Right now I am working on a text classification (trying to predict if a Twitter response is even human or bot generated). The task is actually a closed kaggle competition, and more details as well as datasets that were used could be found here: enter link description here
My problem is that when I submit my solution on the site, I can not get more than 50% accuracy, even if I tried several well known solutions to get a more higher performance.
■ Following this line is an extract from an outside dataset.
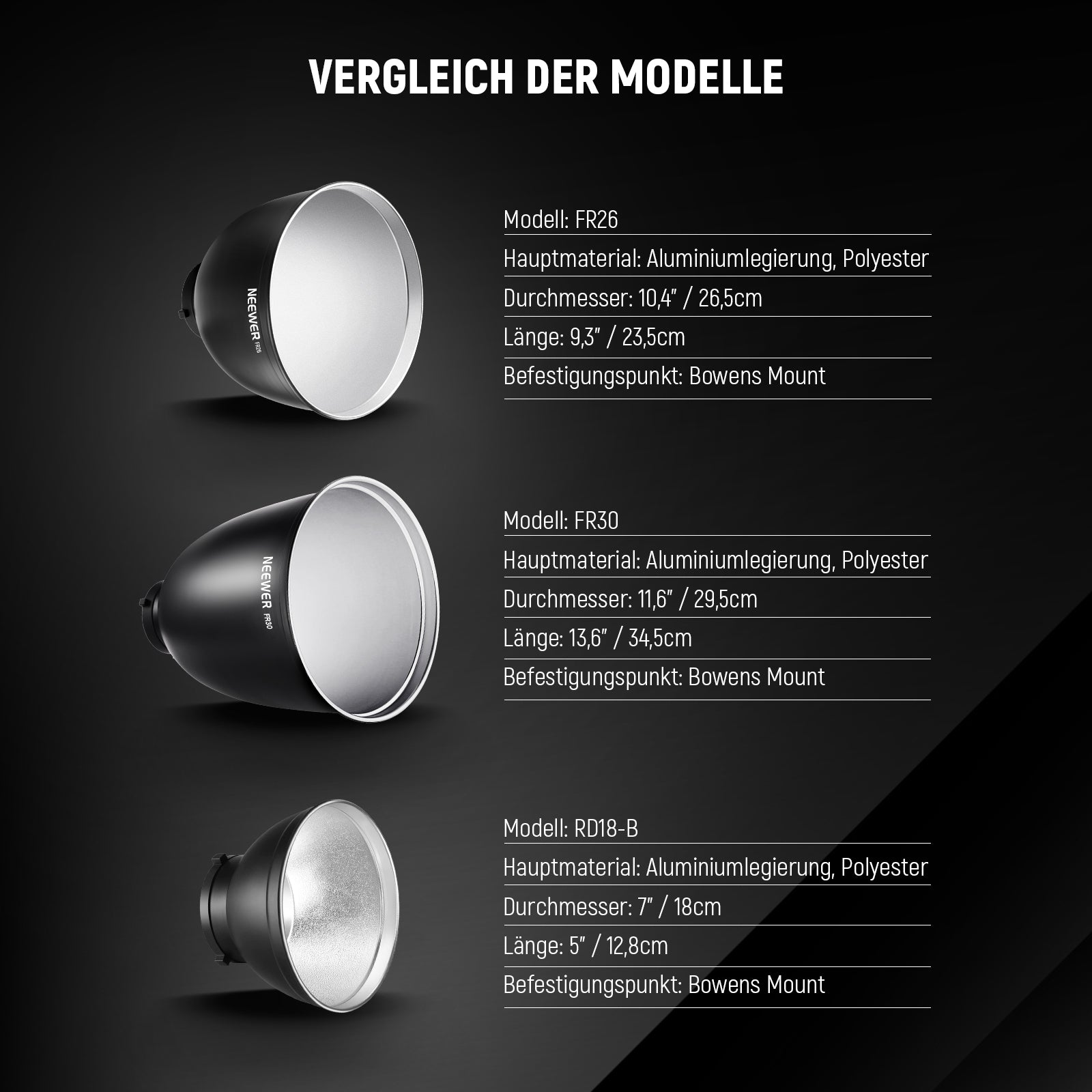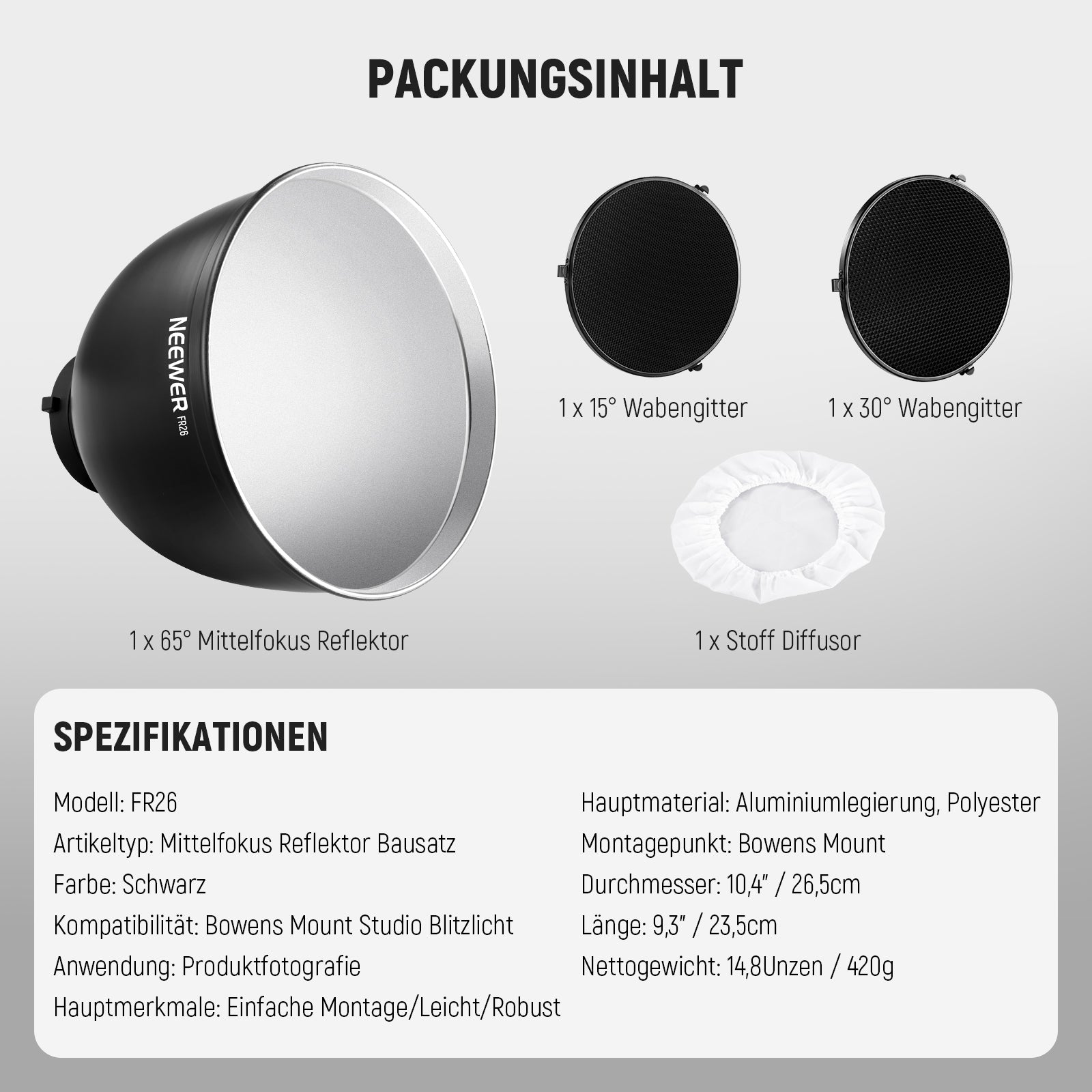 NEEWER FR26 10,4″/26,5cm Reflektor mit mittlerem Fokus Bowens Mount Set

Due to this I think that the problem could be even a conceptual error in my code, even applying not suitable tehniques for my case.
What I tried so far:
Using the stop_words built in list for CountVectorizer.
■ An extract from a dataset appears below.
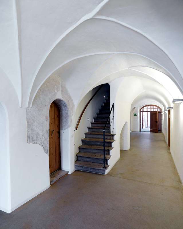 Umbau Haus Scheitz mit (Spiel)Stadel und Neubau einer Wohnanlage in Lienz, Osttirol Die gemeinnützige Bau- und Siedlungsgenossenschaft Frieden reg.Gen.mbH erwarb im Herzen von Lienz ein großes Grundstück, um einen Wohnbau zu errichten. Teil dieses großen Grundstückes ist im Norden, angrenzend zu einer historischen Straße, das sogenannte Haus Scheitz. Das Haus Scheitz geht in seiner historischen Struktur zurück bis ins 16. Jahrhundert. Der letzte große Umbau (Aufstockung) datiert um 1900. Das Gebäude, welches früher als Wohngebäude benutzt wurde, die letzten Jahre jedoch leer stand, weist im Erdgeschoß die typische Mittelgangstruktur mit Gewölbe auf, durch welche kleinere Fuhrwerke den Stadel dahinter erreicht konnten. Der Stadel zeugt von der bäuerlichen Geschichte der Liegenschaft. Der anschließende große Garten, in dem der Wohnbau errichtet werden sollte, stellte den Rest einer größeren landwirtschaftlichen Fläche, welche durch diesen Stadel bewirtschaftet wurde, dar. Im Laufe der Geschichte wurden diese landwirtschaftlichen Flächen immer weniger, der Stadel verlor seine Funktion und das gesamte Areal befand sich nun mitten im verbauten Stadtgebiet. Da das Haus Scheitz straßenseitig eine historische Stuckfassade aufweist und im Inneren die oben beschriebenen Gewölbe sehr gut erhalten sind, steht dieses Haus unter Denkmalschutz (innen wie außen). Es zeugt von sehr viel Engagement und Risikobereitschaft, dass sich eine gemeinnützige Wohnbaugenossenschaft solch eines Projektes angenommen, und die Teils unkonventionellen Ideen - wie den Spielstadel - umgesetzt hat, um das Gesamt-Ensemble zu bewahren. Planungsprozess – Neubau – Erhaltung des Stadels Um Wohnungen errichten zu können müssen gemeinnützige Bauträger eine gewisse Mindestwohnnutzflächendichte erreichen (lt. Tiroler Wohnbauförderung). Zunächst wurde angedacht den Stadel zu entfernen um diese Dichte erreichen zu können. Da der Stadel jedoch in recht gutem Zustand war und Teil des historischen Ensembles ist, konnte zwischen dem Wohnbauträger und der Stadt Lienz über eine Geschoßerhöhung des Neubaus die Dichte erreicht und der Stadel somit beibehalten werden. Da der Stadel wertvolle Grundstücksfläche besetzt, wurde nach einer adäquaten Nutzungsmöglichkeit gesucht. Im gemauerten Erdgeschoß wird er nun als Lager und Fahrradabstellplatz für die neue Wohnanlage verwendet. Im hölzernen Obergeschoß konnte nach Abklärung aller Sicherheitsvorschriften der Kinderspielplatz für die Wohnanlage eingebaut werden. Hier können die Kinder nun zum Teil im Dachstuhl herumklettern. Die beschädigten Holzbauteile wurden fachgerecht ausgetauscht. Aus der Holzverschalung des Obergeschoßes wurden teilweise Bretter in einem unregelmäßigen Rhythmus herausgenommen, sodass Licht und Luft für den Kinderspielplatz eintreten können. Somit konnte das Haus Scheitz mit dem Stadel als altes Ensemble komplett erhalten bleiben. Das Haus Scheitz selbst wurde zu Wohnungen umgebaut. Jene Flächen, die für Wohnungen schlechter geeignet sind (EG-nordseitig) wurden vom Bauträger selbst als Büro umgebaut und werden als Außenstelle in Lienz genützt. Somit konnte das gesamte Haus aktiviert werden. Haus Scheitz Die historische Straßenfassade sowie die inneren Putzoberflächen wurden von Fachfirmen denkmalpflegerisch untersucht und restauriert. Im Inneren wurden abgedeckte Malereien zum Teil freigelegt. Der Bestand wies Holztramdecken auf, die den Erfordernissen für Wohnungen in akustischer und brandschutztechnischer Sicht nicht mehr entsprochen haben. Nach Entfernung der historischen Bodenbretter (die wieder eingebaut wurden), wurden die Decken mittels einer Verbundbauweise verstärkt. Eine genaue Kartierung der historischen Türen und Fenster wurde gemeinsam mit dem Bundesdenkmalamt durchgeführt und jene Bauteile, die erhaltenswürdig waren, wieder in Bereichen der neuen Wohnungen nach fachgerechter Sanierung eingebaut. Alle neuen Einbauten wie Glastrennwände, neue Türen und Fenster wurden in Absprache mit dem Bundesdenkmalamt sehr zeitgemäß gestaltet. Besonderes Augenmerk wurde auf die südseitig gelegenen Holzbalkone gelegt. Diese wurden ab lackiert und mit Leinöl behandelt, morsche Bauteile fachgerecht ausgetauscht. Das bestehende Treppenhaus vom EG ins OG1 im Inneren entsprach nicht mehr den Anforderungen der geltenden Baugesetze. Um dieses nicht wegreißen zu müssen, wurde eine neue Außentreppe in passender Holzbauweise zu den Holzbalkonen errichtet. Sämtliche Wohnungen und Büros im Haus entsprechen nach Restaurierung dem aktuellen Stand der Technik. Neue Wohnanlage Die neue Wohnanlage gliedert sich auf in drei Gebäude, um den städtebaulichen Maßstab des Bestandes aufzunehmen. („Stadtvillen)“ Die Farbgebung der neuen Gebäude lehnt sich ebenfalls an den Bestand an. Die Balkone der Wohnbauten wurden als Referenz zu den hölzernen Balkonen des Bestandes und des Stadels in Holz, allerdings in zeitgemäßer Bauweise, errichtet. Diese Balkone bilden 3-dimensionale “Bilderrahmen“, innerhalb deren sich jeder Bewohner seinen Balkon individuell selbst gestalten kann. Holzverkleidungen sind ebenso möglich wie Glas, textile oder sonstige Bauteile für Witterungs- und Sichtschutz. So soll sich das Leben der Menschen mit der Zeit nach außen manifestieren.

Trying to get rid features with extremely low and high frequency(I passed the
max_df = 0.3
andmin_df = 0.05
arguments to CountVectorizer object)I used bi-grams
Below you can find my entire code (some bad indents could be found due to copy and paste):
from sklearn.feature_extraction.text import CountVectorizer
from sklearn.feature_extraction.text import TfidfTransformer
from sklearn.naive_bayes import MultinomialNB
import csv
import numpy
from csv import DictReader
target_values=[]
target_values_validation=[]
list_response_train=[]
list_response_validation=[]
predictions=[]
id=[]
with open('train.txt') as f:
reader = DictReader(f, delimiter='\t')
for row in reader:
target_values.append(int(row['human-generated']))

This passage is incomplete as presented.